Beneath this line are the data; copy exactly the part of them that opens with the line containing "在主楼C105教室召开全院教" and closes with the line containing "初めに高圧洗浄を行い、外壁表面の汚れを落とします。", and only that part.

DATA FOR REVIEW:
##############################
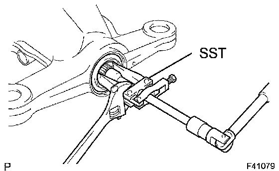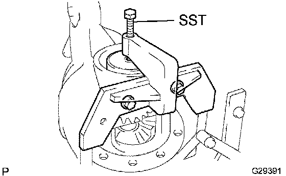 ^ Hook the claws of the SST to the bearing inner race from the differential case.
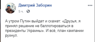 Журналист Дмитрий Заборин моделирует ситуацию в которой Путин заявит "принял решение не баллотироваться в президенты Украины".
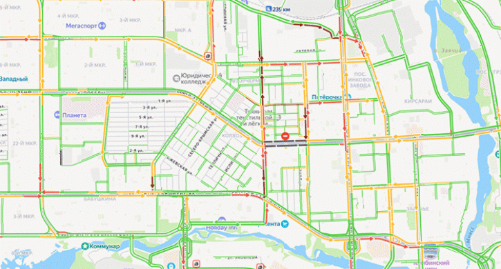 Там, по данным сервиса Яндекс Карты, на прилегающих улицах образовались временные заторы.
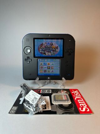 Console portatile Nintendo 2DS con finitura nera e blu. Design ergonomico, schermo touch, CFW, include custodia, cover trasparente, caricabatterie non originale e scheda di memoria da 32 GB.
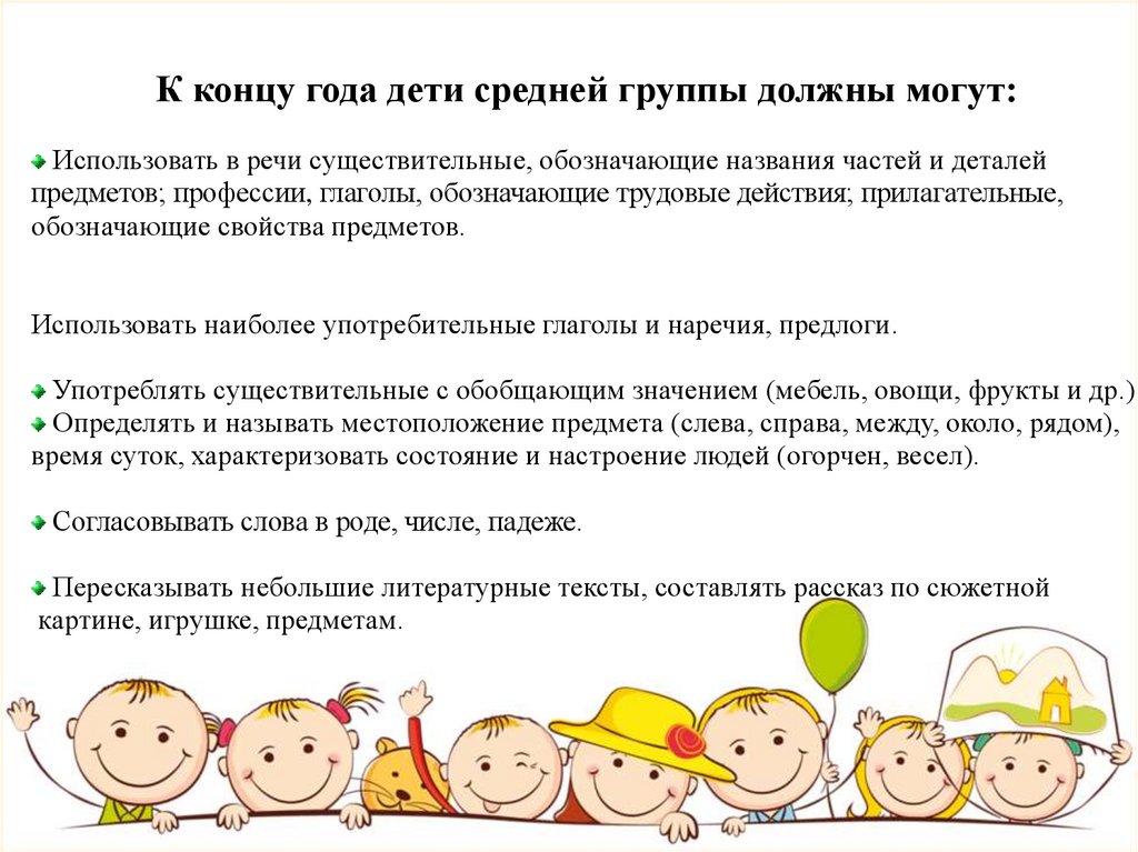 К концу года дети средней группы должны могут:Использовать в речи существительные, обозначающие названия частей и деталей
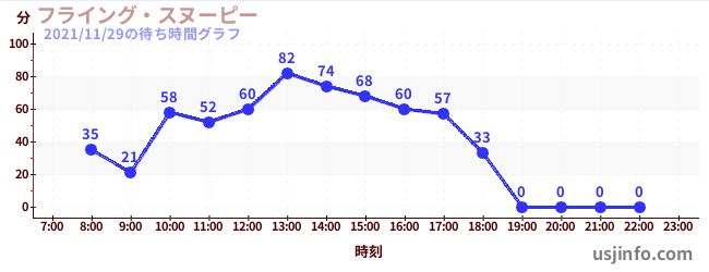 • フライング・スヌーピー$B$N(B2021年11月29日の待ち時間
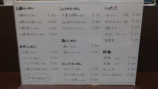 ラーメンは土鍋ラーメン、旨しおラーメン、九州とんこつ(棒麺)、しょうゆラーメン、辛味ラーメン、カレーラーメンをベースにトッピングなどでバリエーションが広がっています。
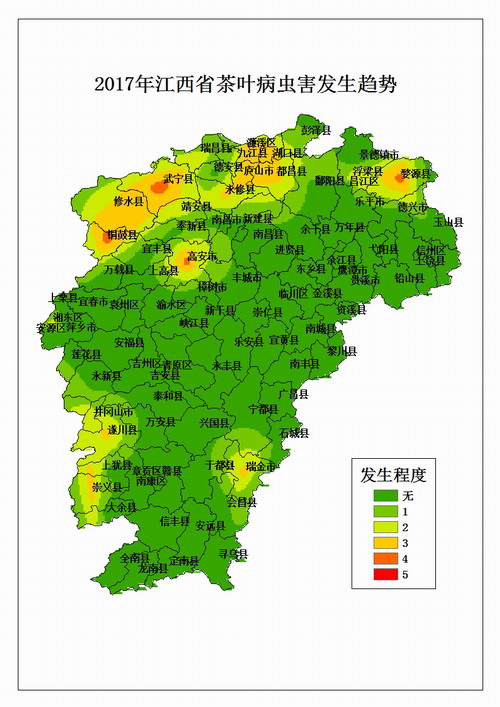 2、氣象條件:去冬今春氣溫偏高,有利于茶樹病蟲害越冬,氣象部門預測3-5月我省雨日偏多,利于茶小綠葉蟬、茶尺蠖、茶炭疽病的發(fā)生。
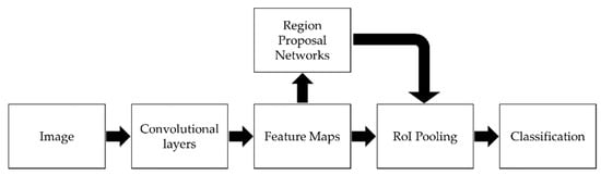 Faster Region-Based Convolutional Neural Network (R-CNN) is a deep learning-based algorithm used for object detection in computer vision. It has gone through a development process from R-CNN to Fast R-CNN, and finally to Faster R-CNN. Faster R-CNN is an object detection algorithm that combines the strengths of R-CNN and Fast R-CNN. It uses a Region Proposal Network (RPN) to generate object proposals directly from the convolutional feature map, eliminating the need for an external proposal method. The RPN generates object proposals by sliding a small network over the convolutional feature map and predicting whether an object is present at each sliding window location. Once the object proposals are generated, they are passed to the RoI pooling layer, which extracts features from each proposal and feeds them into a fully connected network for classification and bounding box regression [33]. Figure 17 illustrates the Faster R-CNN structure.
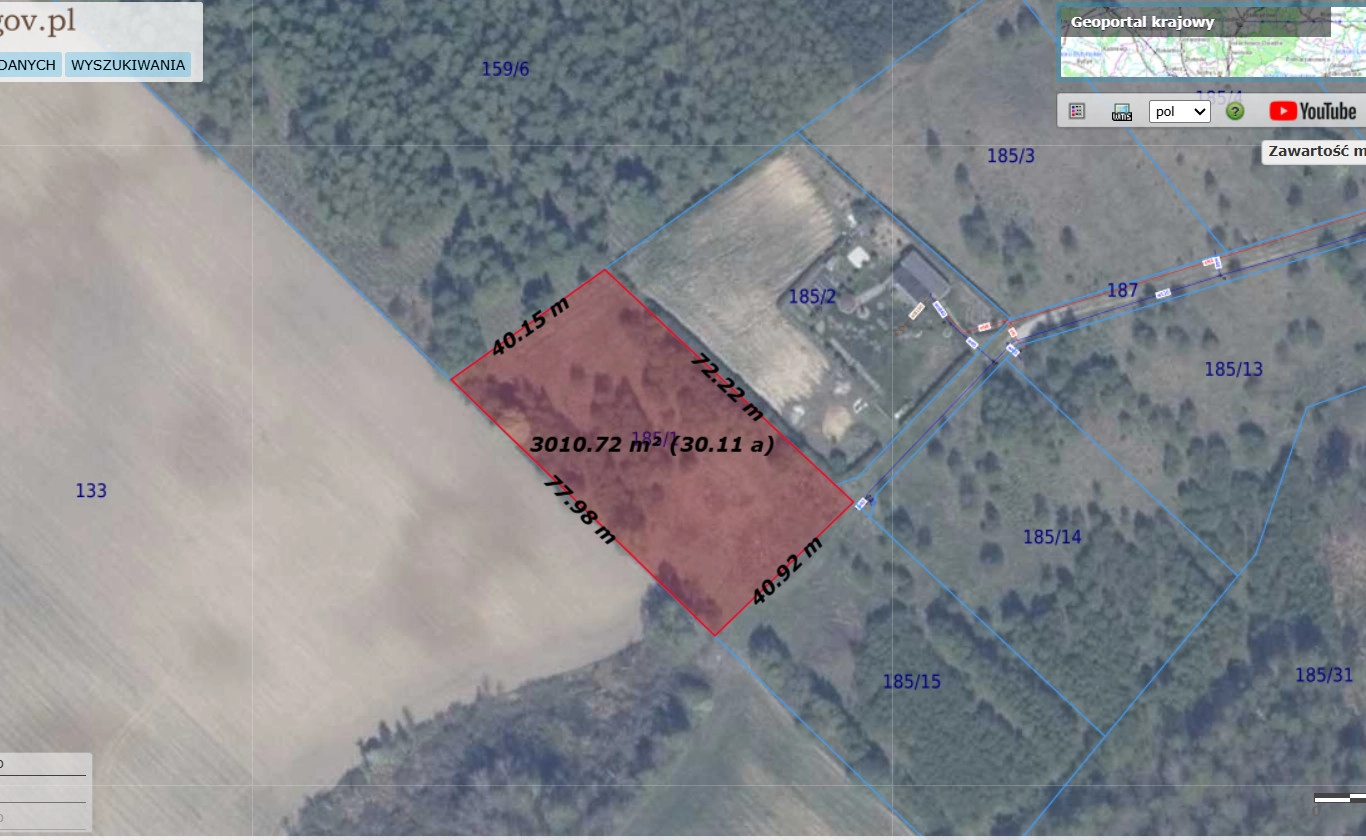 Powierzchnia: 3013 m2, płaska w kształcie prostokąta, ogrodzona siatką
##############################
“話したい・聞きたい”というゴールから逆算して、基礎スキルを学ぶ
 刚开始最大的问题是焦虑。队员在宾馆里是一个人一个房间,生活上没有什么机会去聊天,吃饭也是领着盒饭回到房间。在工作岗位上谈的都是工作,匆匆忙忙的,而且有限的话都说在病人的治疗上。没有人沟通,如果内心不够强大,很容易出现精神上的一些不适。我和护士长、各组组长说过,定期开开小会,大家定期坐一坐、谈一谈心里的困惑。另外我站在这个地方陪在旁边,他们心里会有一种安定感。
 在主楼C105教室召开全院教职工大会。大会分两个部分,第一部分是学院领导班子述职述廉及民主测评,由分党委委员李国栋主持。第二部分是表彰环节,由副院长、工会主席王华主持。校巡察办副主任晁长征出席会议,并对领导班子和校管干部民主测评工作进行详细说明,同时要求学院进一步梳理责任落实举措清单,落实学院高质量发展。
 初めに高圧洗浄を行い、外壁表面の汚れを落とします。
##############################
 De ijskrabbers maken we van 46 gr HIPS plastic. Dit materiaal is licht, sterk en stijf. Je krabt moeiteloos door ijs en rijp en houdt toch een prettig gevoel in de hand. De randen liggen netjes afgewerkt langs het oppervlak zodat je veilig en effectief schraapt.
##############################
REPLY:
 在主楼C105教室召开全院教职工大会。大会分两个部分,第一部分是学院领导班子述职述廉及民主测评,由分党委委员李国栋主持。第二部分是表彰环节,由副院长、工会主席王华主持。校巡察办副主任晁长征出席会议,并对领导班子和校管干部民主测评工作进行详细说明,同时要求学院进一步梳理责任落实举措清单,落实学院高质量发展。
 初めに高圧洗浄を行い、外壁表面の汚れを落とします。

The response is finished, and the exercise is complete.